Work request: Drop every picture. Return the rest of the entries exactly.

Records from a data source
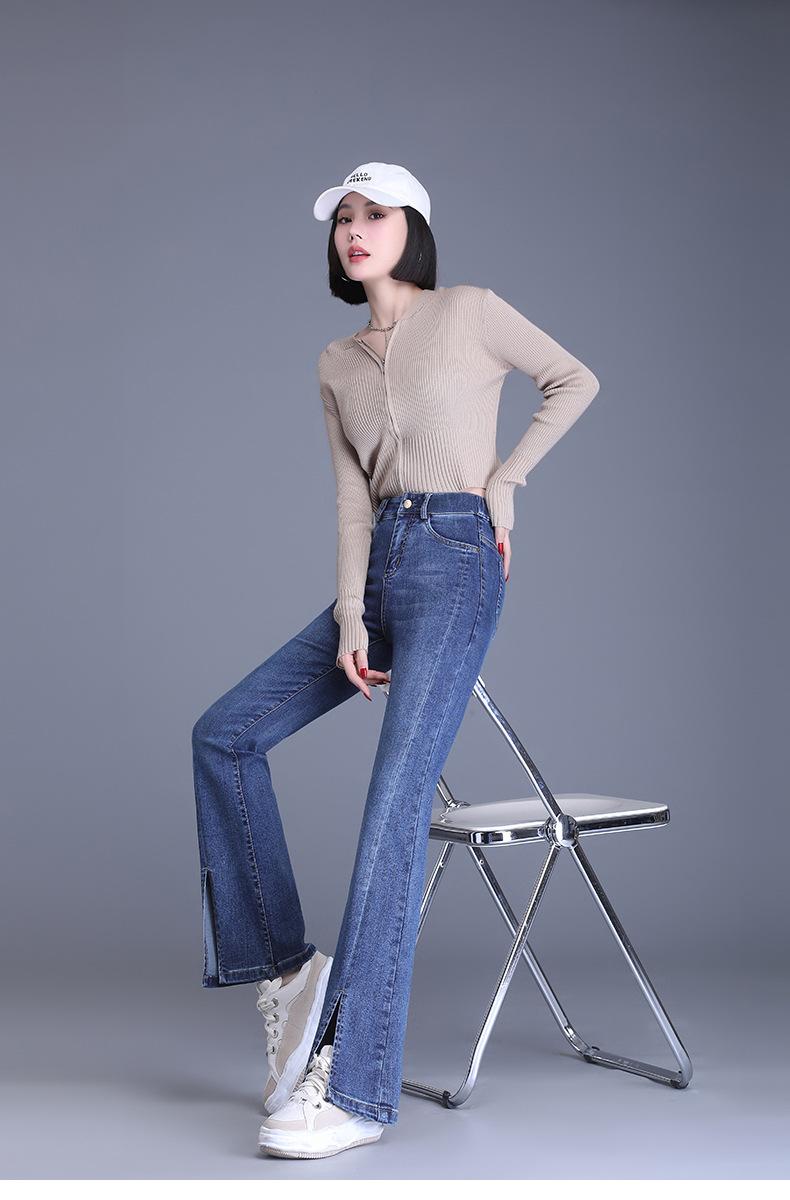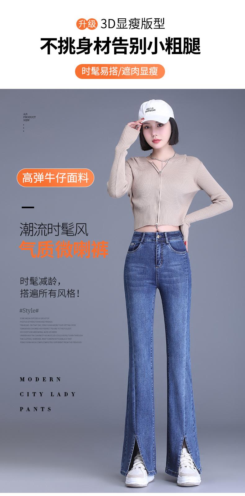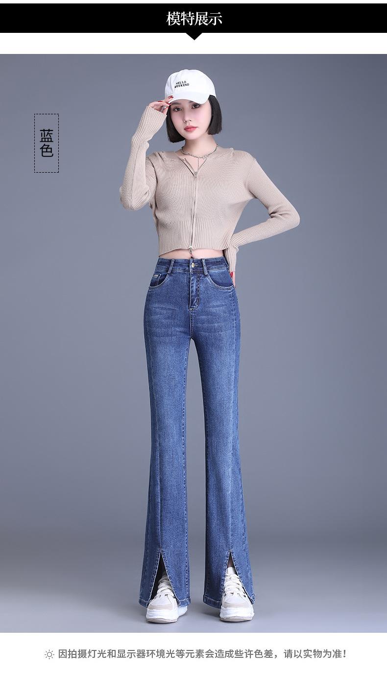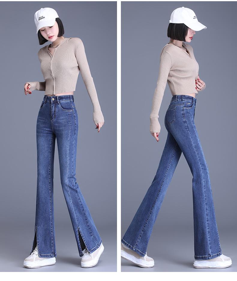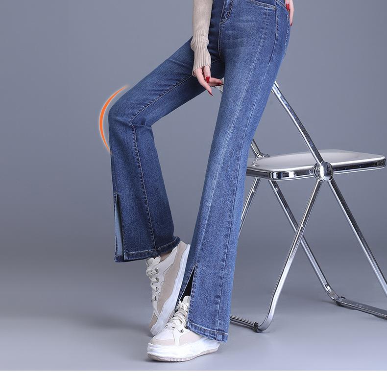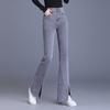 Vaqueros acampanados de cintura alta con abertura gris para mujer 2023 Primavera y Otoño Nuevos pantalones ajustados elásticos ajustados pantalones de herradura
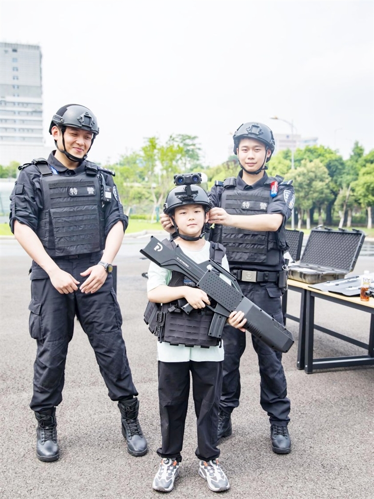 走进特警警营,隆化六小、文凤小学、区特殊教育学校的学生代表就被警用武器装备深深吸引,特警以实物展示、现场解说、参与互动等方式,带着小学生们参观内务整理、警用武器装备、队列擒敌拳、反恐防暴装备,并为他们讲解盾牌、钢叉、枪械、无人机、防护器具的使用场景,邀请孩子们上前体验如何使用这些装备,一件件装备、一个个真枪实弹引得学生好奇不断。活动最后,特警还向小学生们讲解了防火、灭火等安全知识,现场演示了灭火器使用方法,进一步提升学生们安全防范意识和应对火灾事故能力。
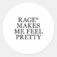 Rage Makes Me Feel Pretty Funny Humor Saying, Sarc Classic Round Sticker
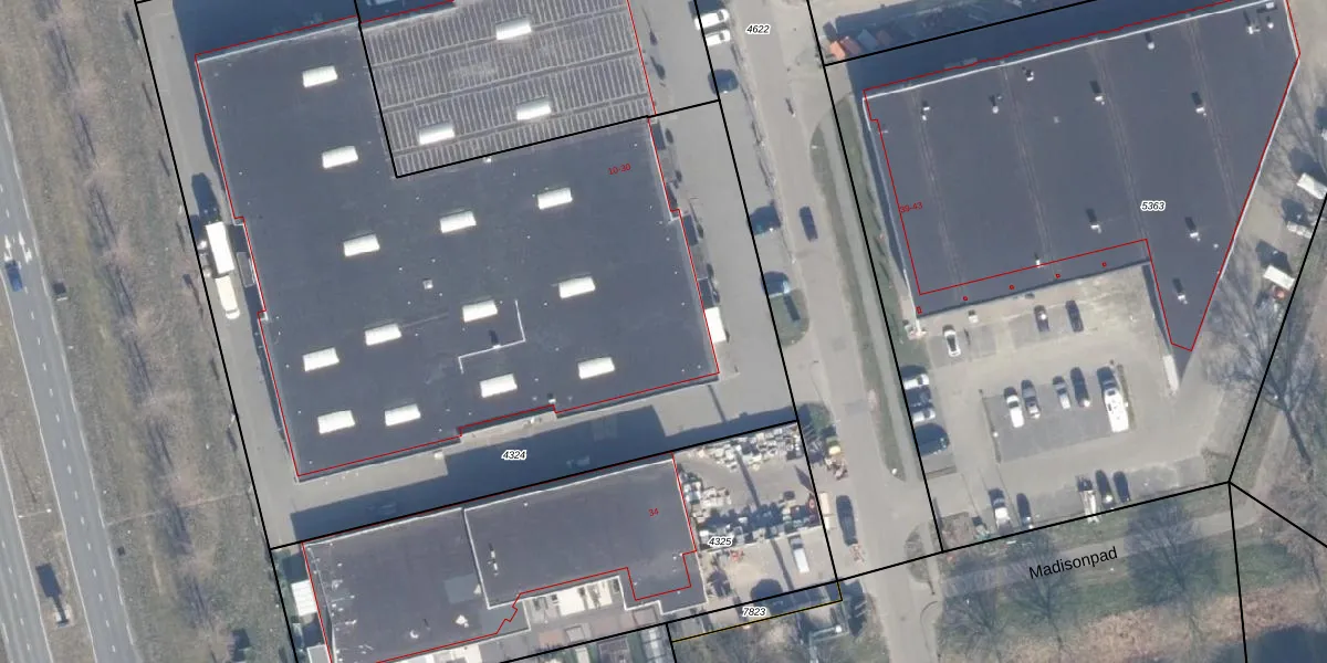 Het perceel waarop het adres ligt is AMR04-O-4324. De afkorting 'AMR04' staat voor kadastrale gemeente Almere. De gemiddelde perceeloppervlakte in de kadastrale gemeente Almere is 3327,75 m². Dit perceel is met zijn 5211 m² dus groter dan gemiddeld. Het kleinste perceel in de kadastrale gemeente is 0 m² groot. De grootste perceeloppervlakte is 32,12 km². Op het perceel liggen in totaal 8 adressen. De huidige grenzen van het perceel zijn digitaal in de Basisregistratie Kadaster (BRK) geregistreerd op 20-08-1997.
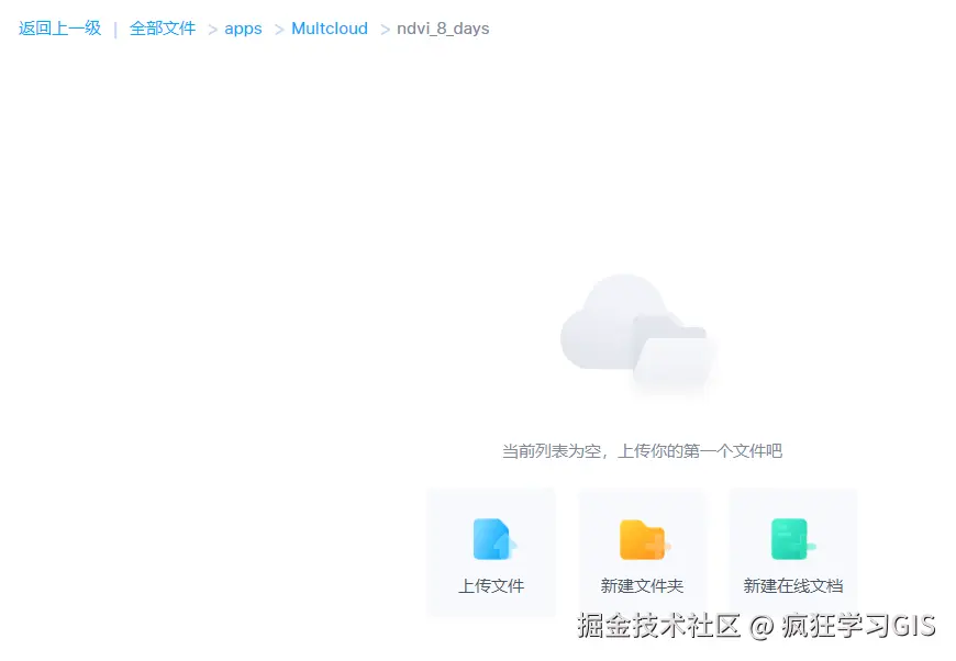 打开我的目标网盘,可以看到虽然其建立了目标文件夹,但是其中并没有任何数据;如下图所示。
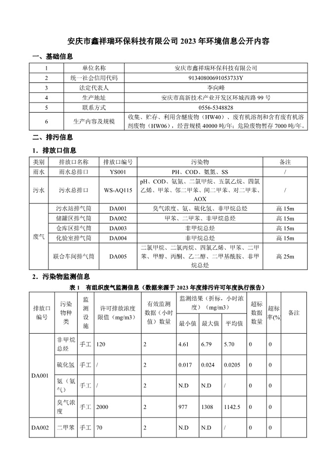 安慶市鑫祥瑞環(huán)??萍加邢薰?023年環(huán)境信息公開內(nèi)容
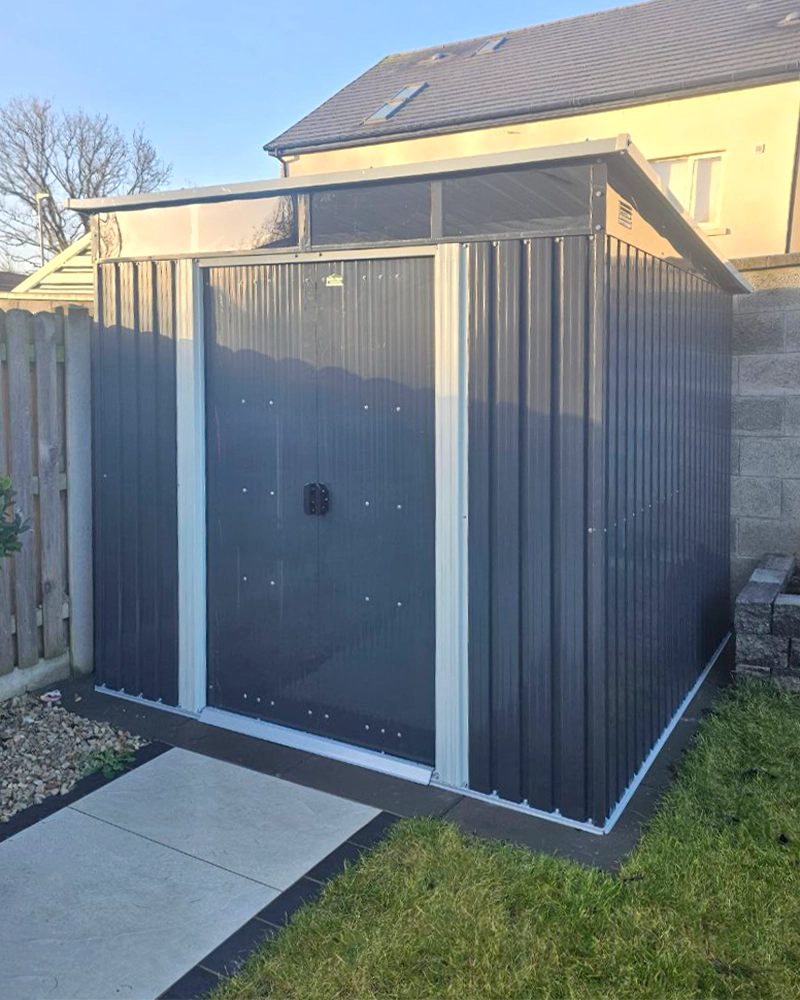 Add to this that it comes in a lovely shade of ‘Goose Grey’ and you can see why the Steel Pent Shed stands out from the rest. It’s bright and the sliding doors help maximise the room available. The sliding doors are great for safety and will keep children’s fingers from accidental slams! The Shed itself comes flat packed, so it’s self-assembly, but we can offer an assembly service in select counties. Use the drop-downs to see where we assemble and to get a price!
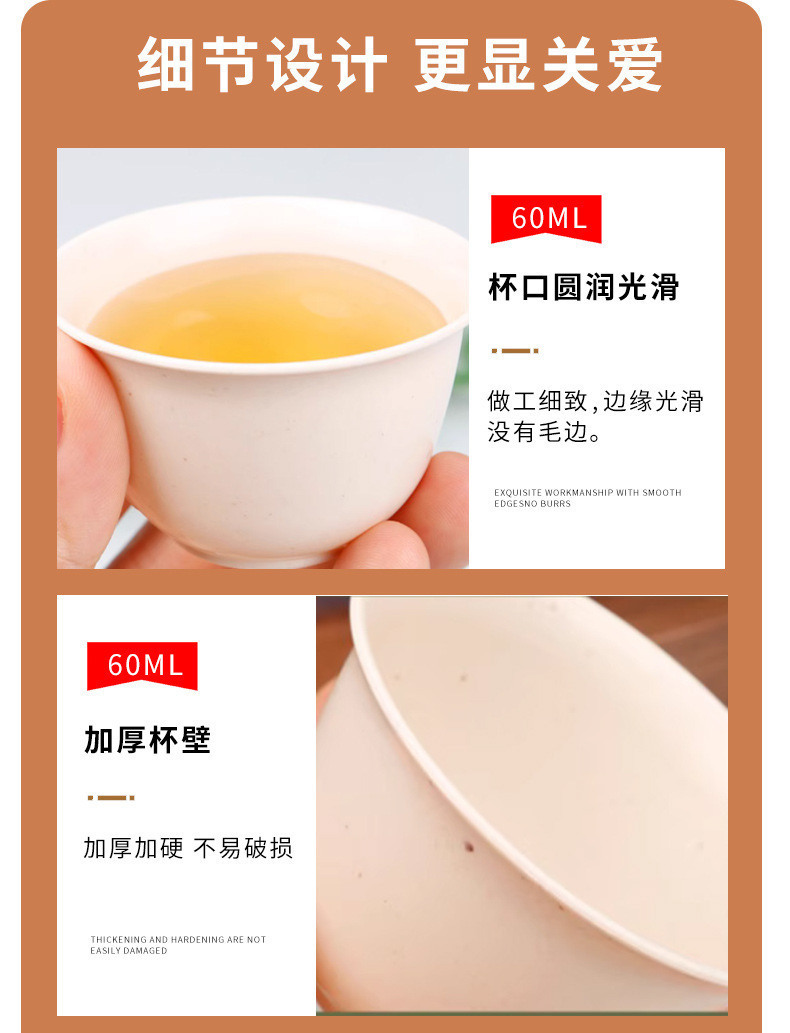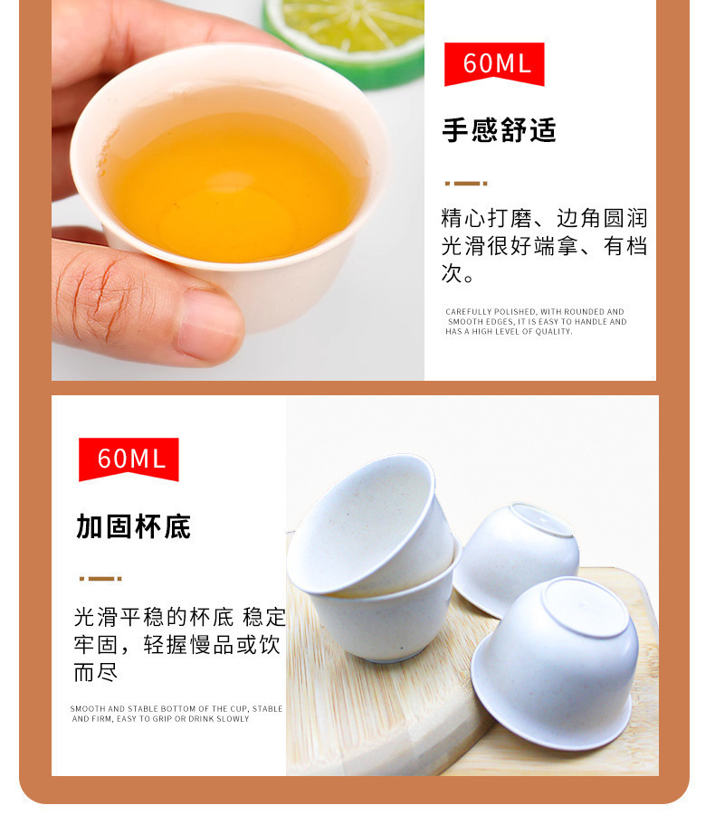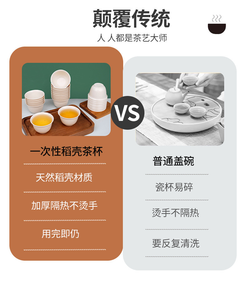 Одноразовая чашка из рисовой шелухи, чашка для чая кунг-фу, небольшой чайный набор для путешествий на открытом воздухе, офисный домашний утолщенный чайный чашка

Solution for this exercise:
 Vaqueros acampanados de cintura alta con abertura gris para mujer 2023 Primavera y Otoño Nuevos pantalones ajustados elásticos ajustados pantalones de herradura
 走进特警警营,隆化六小、文凤小学、区特殊教育学校的学生代表就被警用武器装备深深吸引,特警以实物展示、现场解说、参与互动等方式,带着小学生们参观内务整理、警用武器装备、队列擒敌拳、反恐防暴装备,并为他们讲解盾牌、钢叉、枪械、无人机、防护器具的使用场景,邀请孩子们上前体验如何使用这些装备,一件件装备、一个个真枪实弹引得学生好奇不断。活动最后,特警还向小学生们讲解了防火、灭火等安全知识,现场演示了灭火器使用方法,进一步提升学生们安全防范意识和应对火灾事故能力。
 Rage Makes Me Feel Pretty Funny Humor Saying, Sarc Classic Round Sticker
 Het perceel waarop het adres ligt is AMR04-O-4324. De afkorting 'AMR04' staat voor kadastrale gemeente Almere. De gemiddelde perceeloppervlakte in de kadastrale gemeente Almere is 3327,75 m². Dit perceel is met zijn 5211 m² dus groter dan gemiddeld. Het kleinste perceel in de kadastrale gemeente is 0 m² groot. De grootste perceeloppervlakte is 32,12 km². Op het perceel liggen in totaal 8 adressen. De huidige grenzen van het perceel zijn digitaal in de Basisregistratie Kadaster (BRK) geregistreerd op 20-08-1997.
 打开我的目标网盘,可以看到虽然其建立了目标文件夹,但是其中并没有任何数据;如下图所示。
 安慶市鑫祥瑞環(huán)??萍加邢薰?023年環(huán)境信息公開內(nèi)容
 Add to this that it comes in a lovely shade of ‘Goose Grey’ and you can see why the Steel Pent Shed stands out from the rest. It’s bright and the sliding doors help maximise the room available. The sliding doors are great for safety and will keep children’s fingers from accidental slams! The Shed itself comes flat packed, so it’s self-assembly, but we can offer an assembly service in select counties. Use the drop-downs to see where we assemble and to get a price!
 Одноразовая чашка из рисовой шелухи, чашка для чая кунг-фу, небольшой чайный набор для путешествий на открытом воздухе, офисный домашний утолщенный чайный чашка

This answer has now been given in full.